Exercise details.
Return the stretch from the line with "ブラウス レディース トップス" through the line with "Ethnic Printed &" in the data below, character for character, skipping all pictures.

The data.
=== Begin Enclosure ===
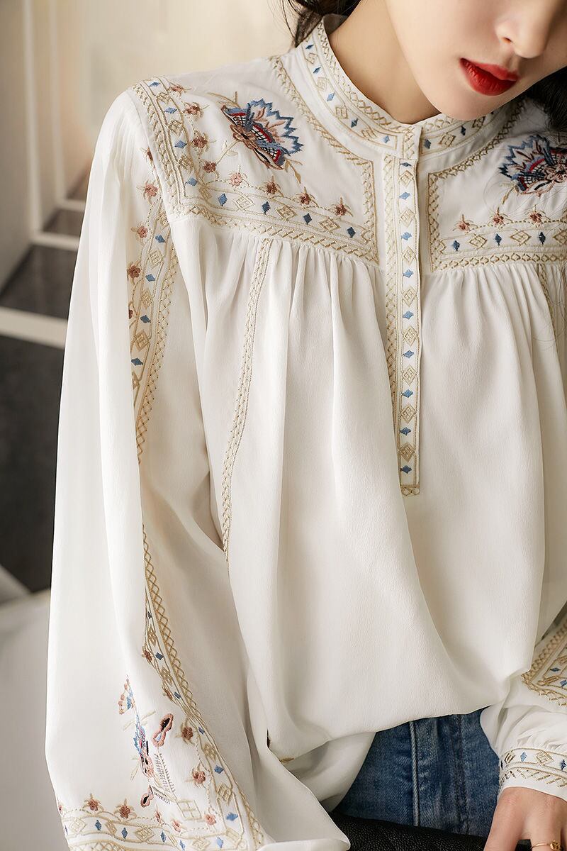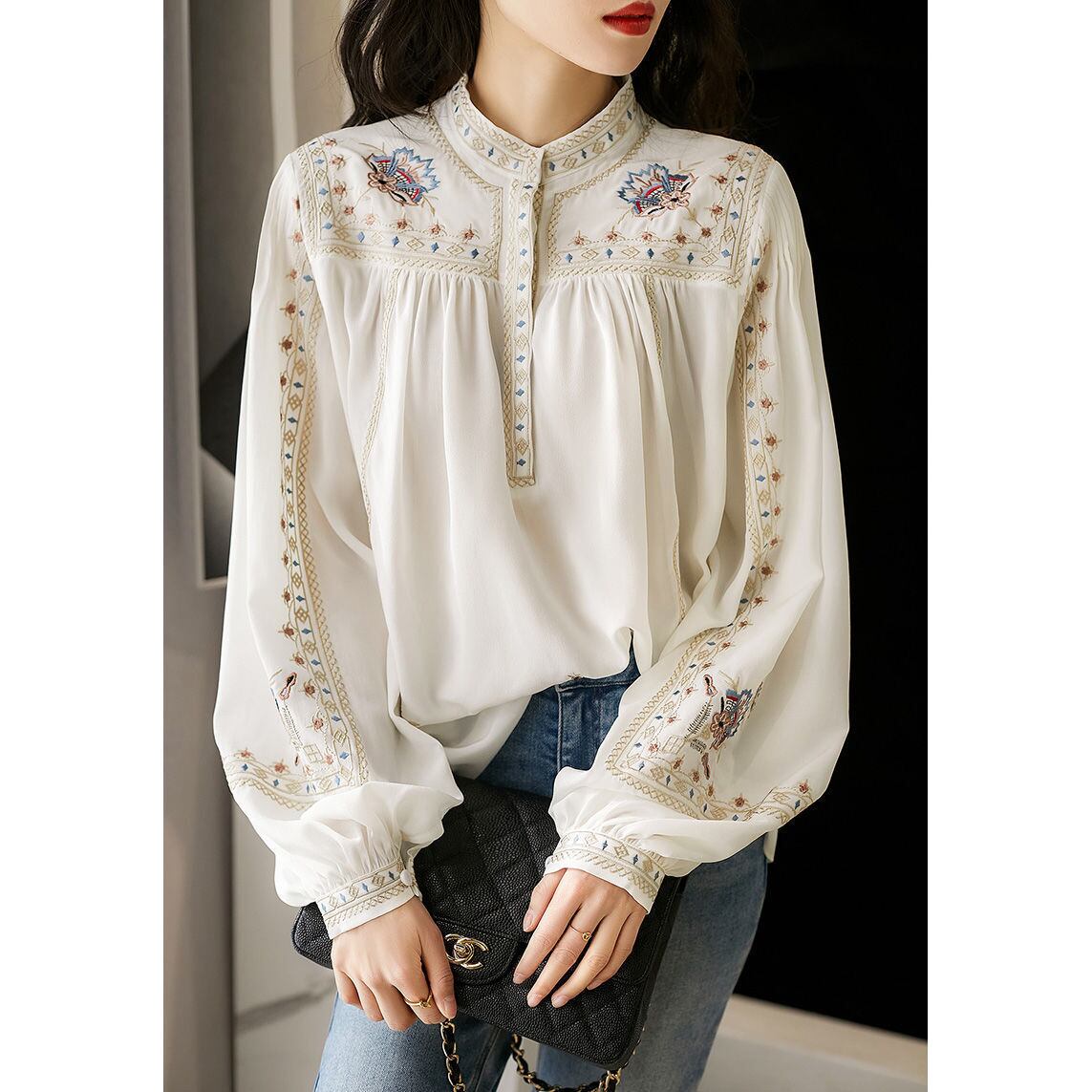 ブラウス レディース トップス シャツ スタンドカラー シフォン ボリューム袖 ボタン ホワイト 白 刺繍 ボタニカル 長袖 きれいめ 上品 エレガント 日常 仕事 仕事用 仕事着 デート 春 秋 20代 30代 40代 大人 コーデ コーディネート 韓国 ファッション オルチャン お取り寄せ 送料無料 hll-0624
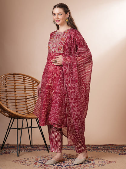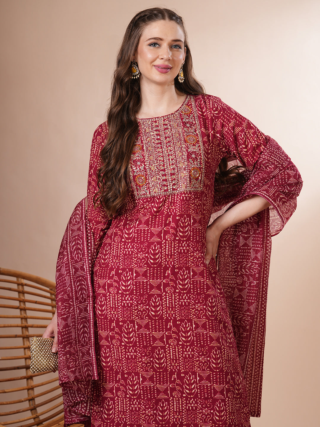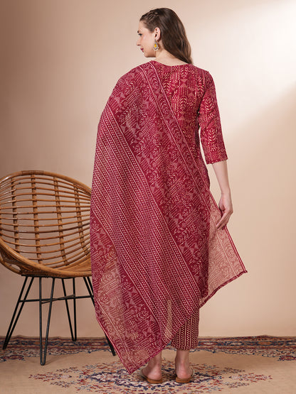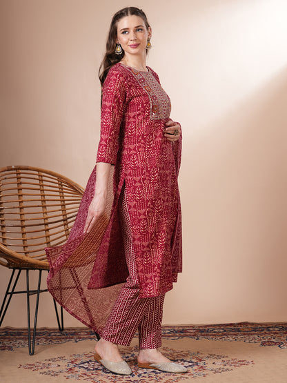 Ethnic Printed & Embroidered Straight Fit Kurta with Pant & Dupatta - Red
=== End Enclosure ===
=== Begin Enclosure ===
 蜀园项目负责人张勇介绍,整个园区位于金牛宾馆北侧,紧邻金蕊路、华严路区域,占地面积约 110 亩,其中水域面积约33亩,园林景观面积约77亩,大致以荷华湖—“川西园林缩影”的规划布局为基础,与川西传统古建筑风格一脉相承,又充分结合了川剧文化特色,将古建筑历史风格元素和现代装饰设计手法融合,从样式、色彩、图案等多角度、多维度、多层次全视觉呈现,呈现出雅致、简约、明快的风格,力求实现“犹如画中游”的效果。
=== End Enclosure ===
=== Begin Enclosure ===
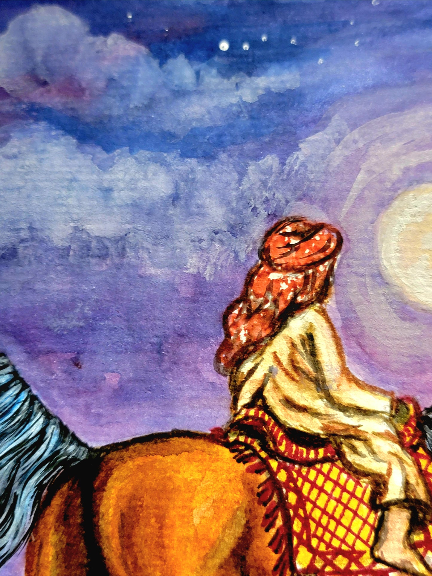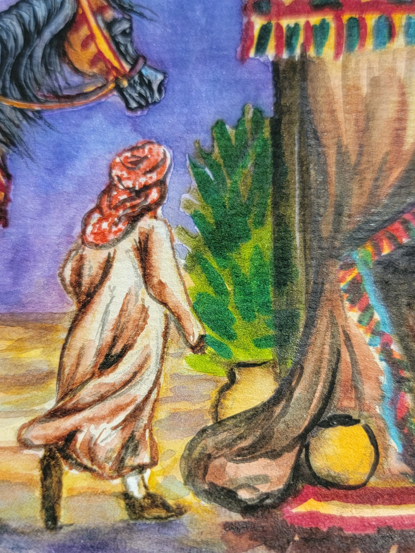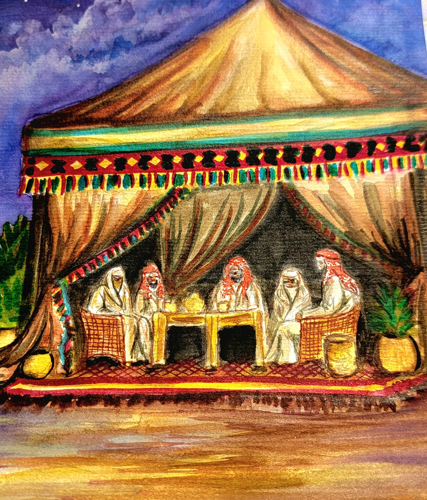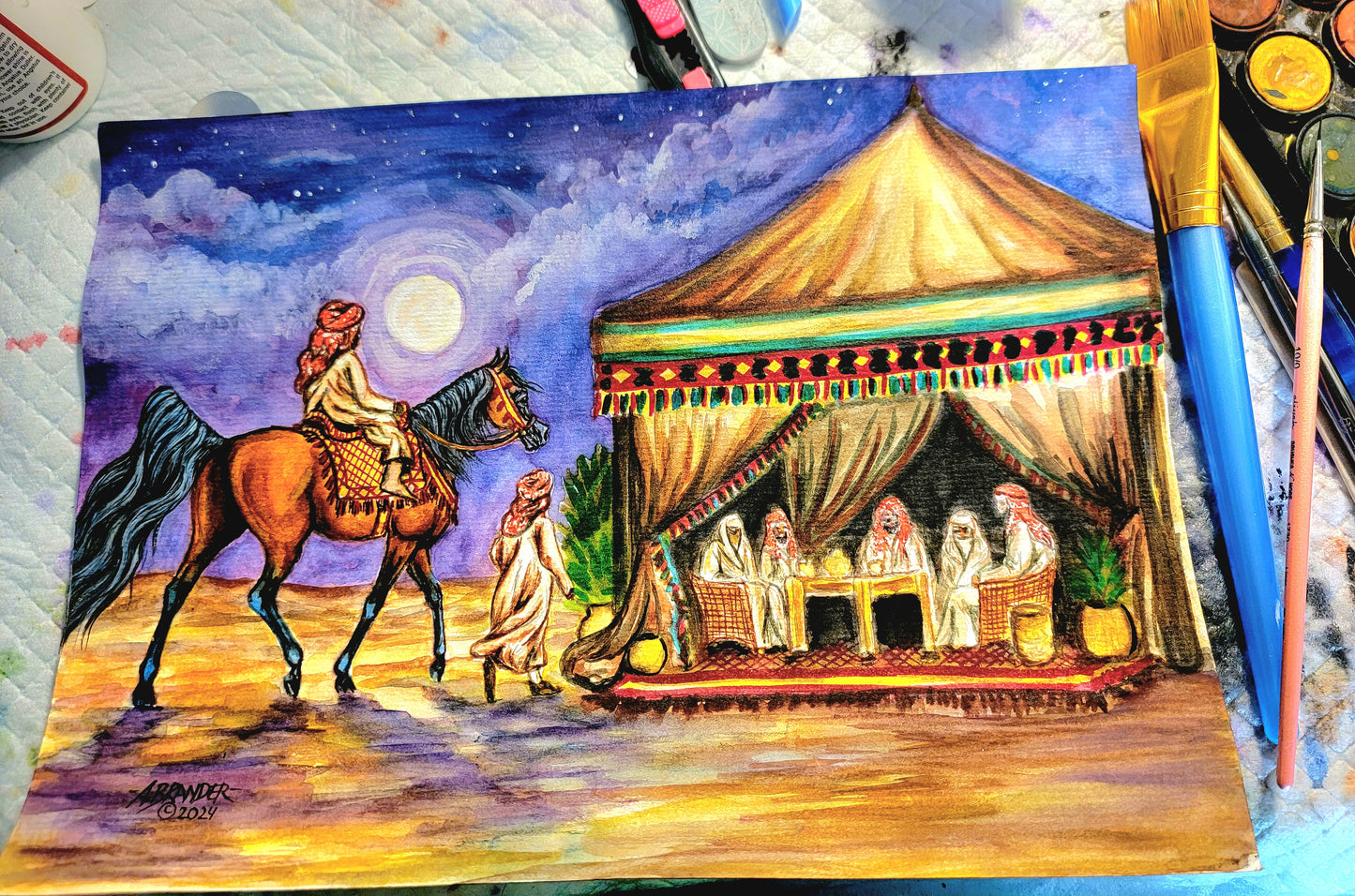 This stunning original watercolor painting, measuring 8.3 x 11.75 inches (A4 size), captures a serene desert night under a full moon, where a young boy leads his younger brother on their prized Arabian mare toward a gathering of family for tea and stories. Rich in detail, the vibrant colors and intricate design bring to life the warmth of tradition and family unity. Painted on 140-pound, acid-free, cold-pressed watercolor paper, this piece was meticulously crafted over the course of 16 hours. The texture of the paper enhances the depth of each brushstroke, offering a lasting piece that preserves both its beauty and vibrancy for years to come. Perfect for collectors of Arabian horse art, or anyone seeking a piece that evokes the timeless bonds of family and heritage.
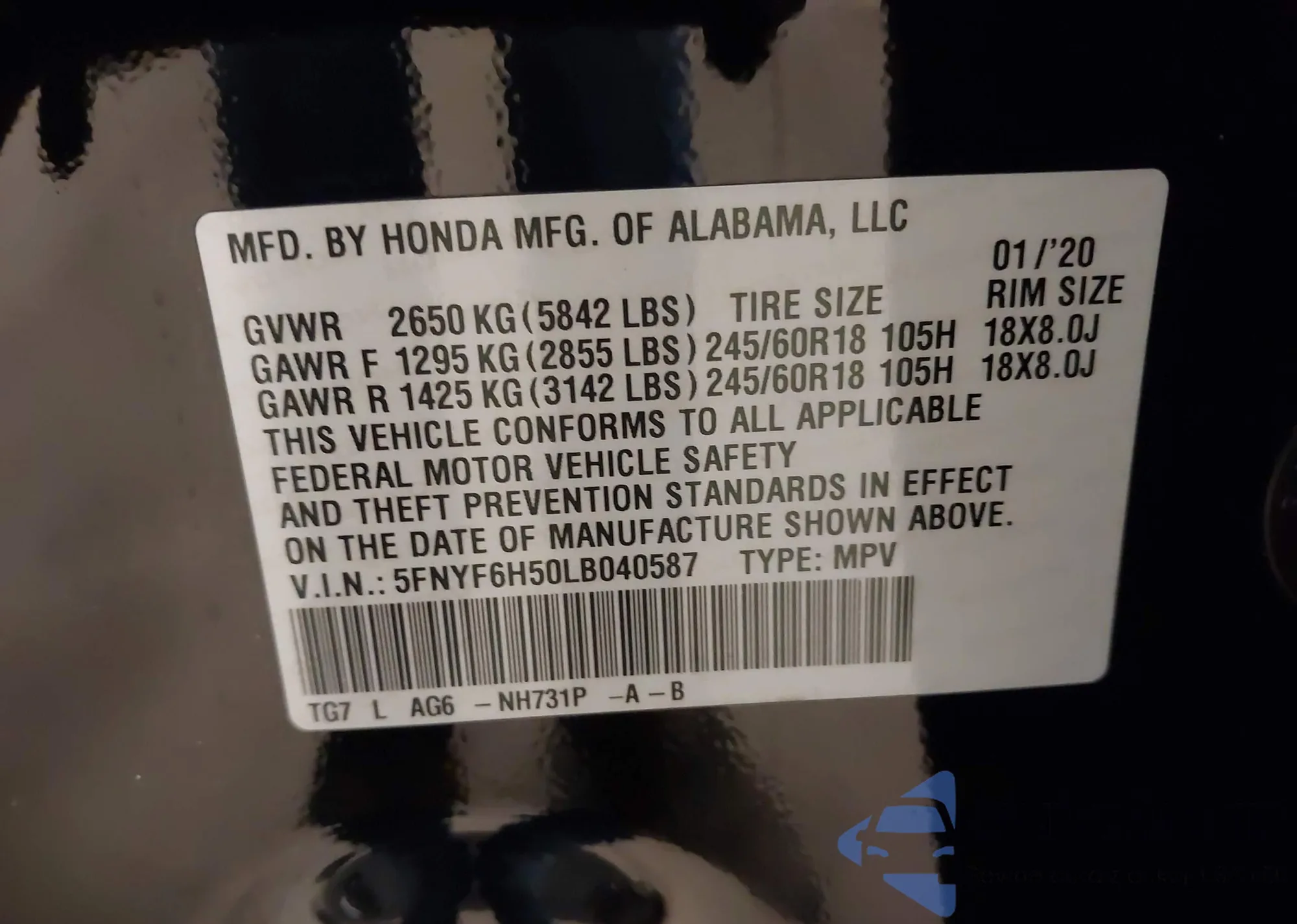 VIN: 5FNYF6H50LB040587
=== End Enclosure ===
Answer box.
 ブラウス レディース トップス シャツ スタンドカラー シフォン ボリューム袖 ボタン ホワイト 白 刺繍 ボタニカル 長袖 きれいめ 上品 エレガント 日常 仕事 仕事用 仕事着 デート 春 秋 20代 30代 40代 大人 コーデ コーディネート 韓国 ファッション オルチャン お取り寄せ 送料無料 hll-0624
 Ethnic Printed & Embroidered Straight Fit Kurta with Pant & Dupatta - Red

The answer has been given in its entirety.